◆ Instructions to follow ◆
Copy each line below exactly and leave the pictures out.

Top of Dataset extract

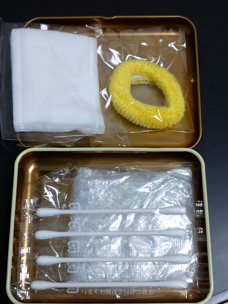 中身は普通(笑) コットン、ヘアゴム、綿棒、シャワーキャップ。
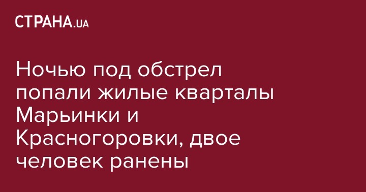 В ночь на 10 июня в районе Марьинки и Красногоровки в Донецкой области под огонь попали жилые кварталы, ранены двое местных жителя, есть разрушения. Об этом сообщила пресс-служба штаба АТО на своей странице в Facebook.
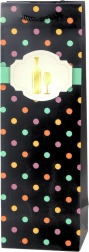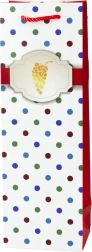 Vďaka rozmerom 35 × 12 × 9 cm je taška dokonale prispôsobená na fľaše a ďalšie vysoké darčeky. Dostupná je v mixe vzorov (biela a čierna s farebnými bodkami) s motívom fľaše a pohára alebo hrozna. Predáva sa po 1 ks; motív je vyberaný náhodne.

Bottom of Dataset extract

◆ Written answer ◆
 中身は普通(笑) コットン、ヘアゴム、綿棒、シャワーキャップ。
 В ночь на 10 июня в районе Марьинки и Красногоровки в Донецкой области под огонь попали жилые кварталы, ранены двое местных жителя, есть разрушения. Об этом сообщила пресс-служба штаба АТО на своей странице в Facebook.
 Vďaka rozmerom 35 × 12 × 9 cm je taška dokonale prispôsobená na fľaše a ďalšie vysoké darčeky. Dostupná je v mixe vzorov (biela a čierna s farebnými bodkami) s motívom fľaše a pohára alebo hrozna. Predáva sa po 1 ks; motív je vyberaný náhodne.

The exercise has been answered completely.